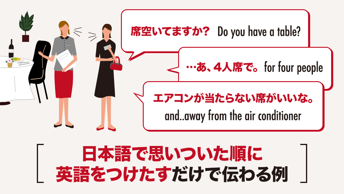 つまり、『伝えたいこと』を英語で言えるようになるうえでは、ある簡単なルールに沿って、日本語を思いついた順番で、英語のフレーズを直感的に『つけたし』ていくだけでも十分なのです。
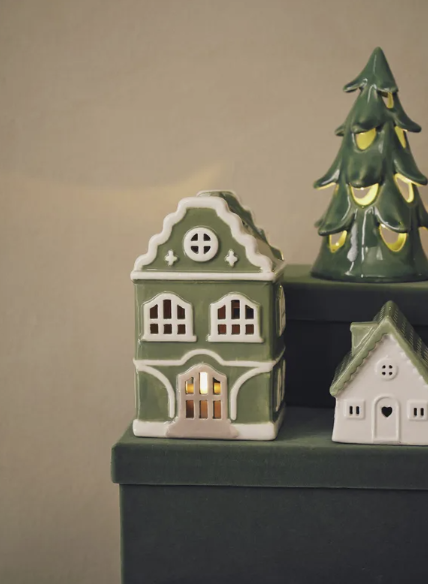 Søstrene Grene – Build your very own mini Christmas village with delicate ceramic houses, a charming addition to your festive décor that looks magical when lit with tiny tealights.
--
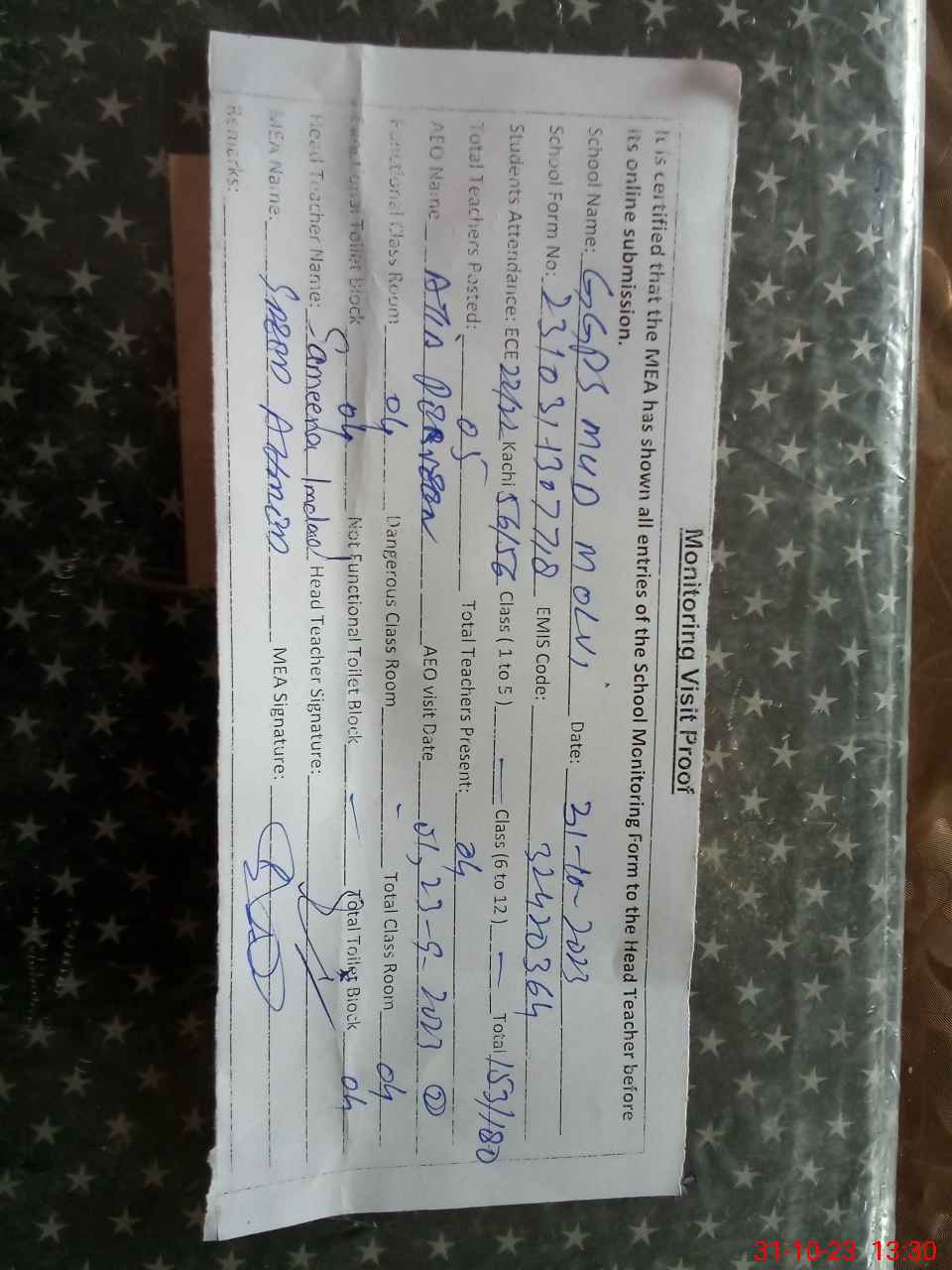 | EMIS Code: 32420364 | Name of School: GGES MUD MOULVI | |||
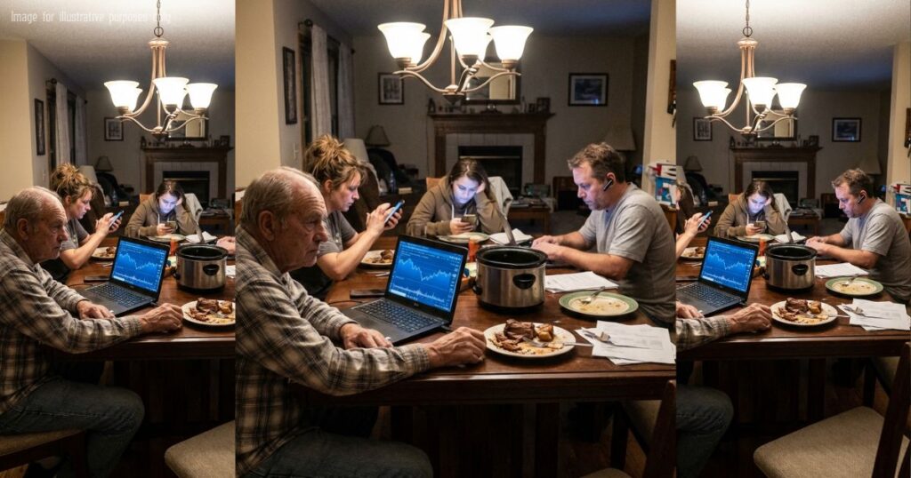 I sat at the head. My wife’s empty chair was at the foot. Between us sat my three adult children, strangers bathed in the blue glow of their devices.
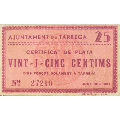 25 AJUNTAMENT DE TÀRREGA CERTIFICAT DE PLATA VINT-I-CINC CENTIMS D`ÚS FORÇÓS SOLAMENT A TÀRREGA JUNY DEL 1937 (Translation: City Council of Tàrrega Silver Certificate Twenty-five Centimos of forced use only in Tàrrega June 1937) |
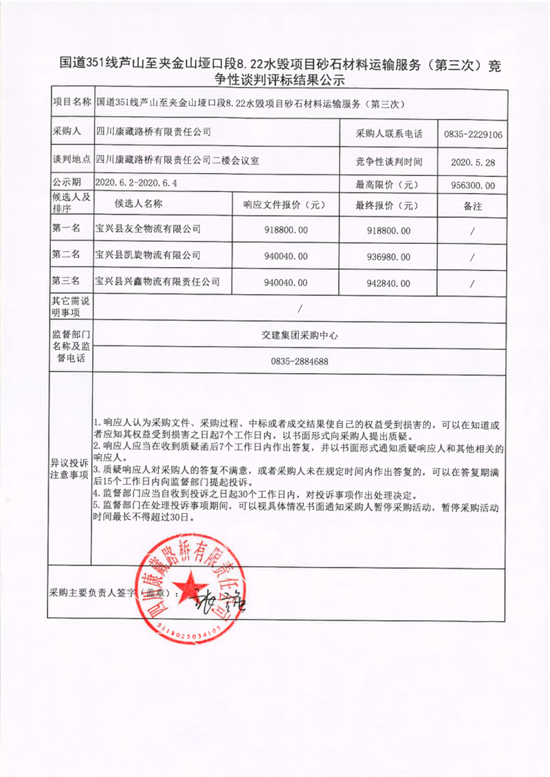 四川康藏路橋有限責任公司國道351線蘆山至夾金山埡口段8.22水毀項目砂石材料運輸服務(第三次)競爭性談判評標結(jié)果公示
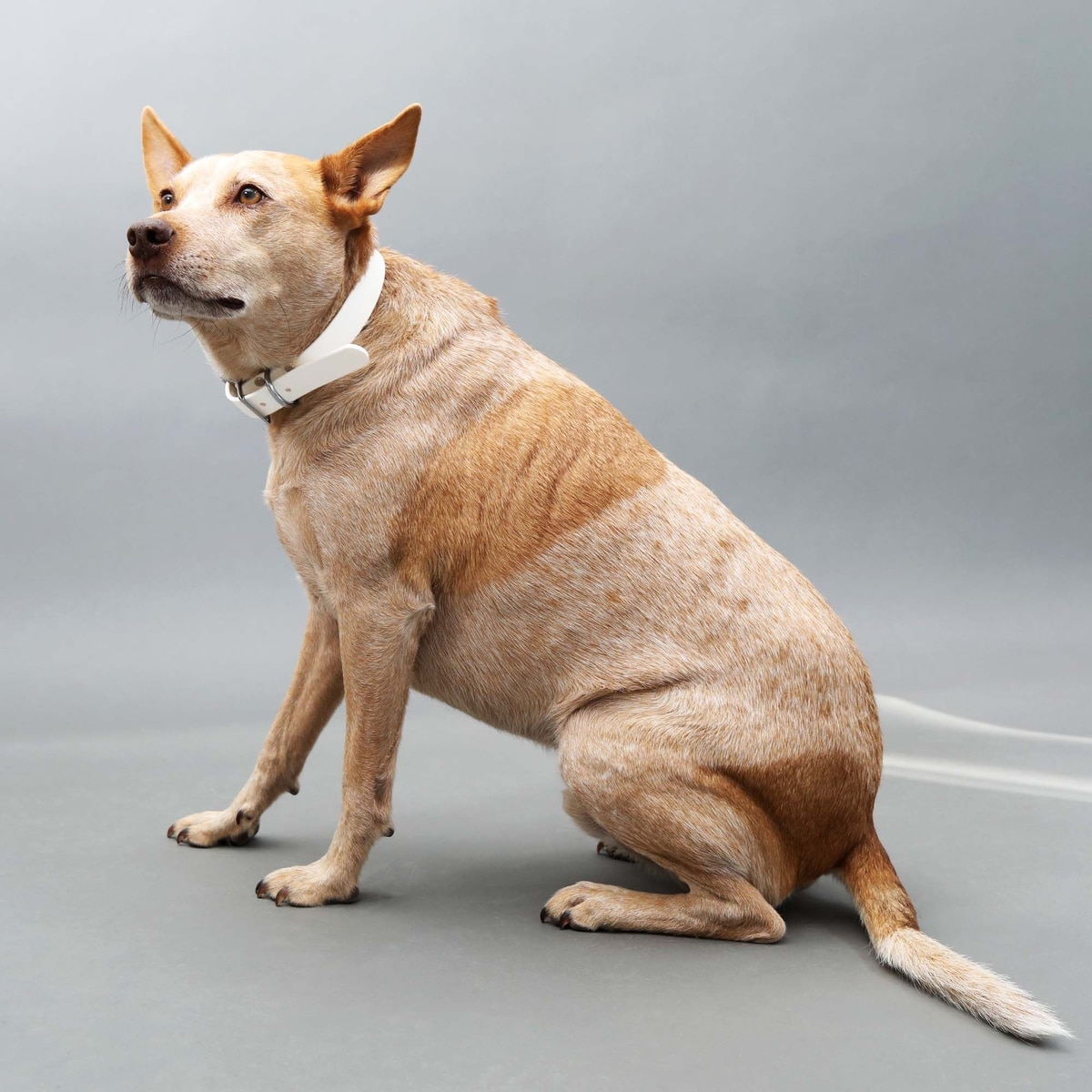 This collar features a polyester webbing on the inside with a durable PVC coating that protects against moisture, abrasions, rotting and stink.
* * *
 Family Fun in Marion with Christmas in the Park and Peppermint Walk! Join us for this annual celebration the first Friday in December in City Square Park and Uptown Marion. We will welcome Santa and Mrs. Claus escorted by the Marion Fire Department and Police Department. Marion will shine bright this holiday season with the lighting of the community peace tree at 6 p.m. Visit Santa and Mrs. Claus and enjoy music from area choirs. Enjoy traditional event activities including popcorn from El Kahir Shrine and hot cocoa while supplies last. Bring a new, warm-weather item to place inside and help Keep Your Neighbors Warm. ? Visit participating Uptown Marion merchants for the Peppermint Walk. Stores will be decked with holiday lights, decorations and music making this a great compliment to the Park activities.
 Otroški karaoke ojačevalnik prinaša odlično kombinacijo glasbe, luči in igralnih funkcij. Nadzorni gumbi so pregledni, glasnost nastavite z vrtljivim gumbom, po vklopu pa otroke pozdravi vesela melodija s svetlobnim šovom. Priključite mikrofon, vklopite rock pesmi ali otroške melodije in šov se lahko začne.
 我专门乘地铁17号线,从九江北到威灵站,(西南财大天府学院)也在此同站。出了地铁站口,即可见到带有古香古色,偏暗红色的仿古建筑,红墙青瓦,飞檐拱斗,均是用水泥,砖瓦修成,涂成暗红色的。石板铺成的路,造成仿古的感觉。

**WHAT THIS TASK INVOLVES:**
Nothing but the lines from the one with "四川康藏路橋有限責任公司國道" up to and including the one with "This collar features" should be printed, exactly as they read above. Please keep the pictures out.

**OUTPUT OF THE TASK:**
 四川康藏路橋有限責任公司國道351線蘆山至夾金山埡口段8.22水毀項目砂石材料運輸服務(第三次)競爭性談判評標結(jié)果公示
 This collar features a polyester webbing on the inside with a durable PVC coating that protects against moisture, abrasions, rotting and stink.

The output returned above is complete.